Pronto busco dónde poner la mano de matar, aún en el aire. Si tuviera un cuchillo, no sé para qué, pero si lo tuviera en la mano, como en el cine, y también el minúsculo anopheles saliera al frente de batalla y no este mosquito con su guerra de guerrillas cerca de la oreja picando en lugares donde nunca me había rascando. Llevó dos cachetadas a cero.
La tercera es la vencida según dice mi estadística. Tuve una primaria estudiandolos hasta que me gradué de licenciado en eso. Ahora, por algúna extraña razón siento que en lugar de querer matarlos los protejo. En las primeras veces que erré no deje de notar cierto disimulo en la angustia de mi contrincante volátil. Di el manotazo más recio para fingir un coraje ausente. El segundo manotazo ya fue al aire para creerme yo mismo. Uno debería ser serio en estas cosas. Aquí viene la promesa incumplida de que la próxima vez que lo vea lo voy a hacer garras.

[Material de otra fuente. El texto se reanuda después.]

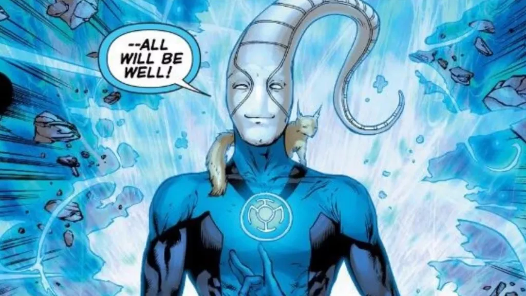 In 2008, a new Lantern Corps shone its light across a universe that needed hope. Two exiled Guardians of the Universe, Ganthet and Sayd, founded the Blue Lantern Corps. They forged the first Blue Lantern ring, and it found its way to Broโdee Walker, aka Saint Walker.ย When his planetโs sun began to die,ย everything on his world began to die with it.ย Desperate to find the savior who had been prophesied to appear on Mount Helious, heย climbed to the top ofย theย mountain, butย upon arriving, no one was there. Broโdeeโs faith was crushed, but he resolvedย to become the saviorย his people needed. He became a beacon of hope for his planet, and their sun was rejuvenated, turning blue. The Blue Lantern ring chose Broโdee to be the first member of the new Blue Lantern Corps. Powered by hope, Saint Walker and the rest of the Corps are pacifists who wield their rings to protect the innocent while also giving nearby Green Lanterns a power boost.ย ย

Aveces no lo veo, nada más lo escucho y no sé si sea el mismo. Estoy solo en el cuarto esperándolo, dando vueltas, corriendo, di varios saltos para verificar la altura de mis tenis rojos. Entrené un poco, usted sabe, jabs de tanteo y luego golpes de tajo y otros que intenté a propósito de este extraordinario concursante.
Con su sonido omnipresente, todavía después de que me pica no hallo dónde rascarme. Tengo aeropuertos en la espalda para una tarde cerca del río, un lujoso hotel es mi oreja, la que prefiera, hay cupo para todos los mosquitos cuando me quedo dormido.

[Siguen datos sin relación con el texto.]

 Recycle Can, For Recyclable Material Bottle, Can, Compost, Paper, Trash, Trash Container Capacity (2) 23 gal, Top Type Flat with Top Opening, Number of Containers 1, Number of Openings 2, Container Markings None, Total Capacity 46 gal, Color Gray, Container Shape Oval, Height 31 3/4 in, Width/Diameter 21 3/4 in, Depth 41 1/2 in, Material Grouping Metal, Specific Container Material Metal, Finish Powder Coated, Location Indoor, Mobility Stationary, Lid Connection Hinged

Culpa del tiempo del Coronavirus es que ahora los entienda más o menos. Están solos y nadie los busca, ellos tienen que ir a buscarlo a uno. A veces corro alrededor del cuarto como si me anduvieran persiguiendo, sólo es prisa, nadie quiere aplastarme.
Si tuviera alas, tendría al valor de abrirme entre la maleza, esperar la hora del manotazo, como se espera la hora de ir a misa o como se espera un cumpleaños con su pastel y todo.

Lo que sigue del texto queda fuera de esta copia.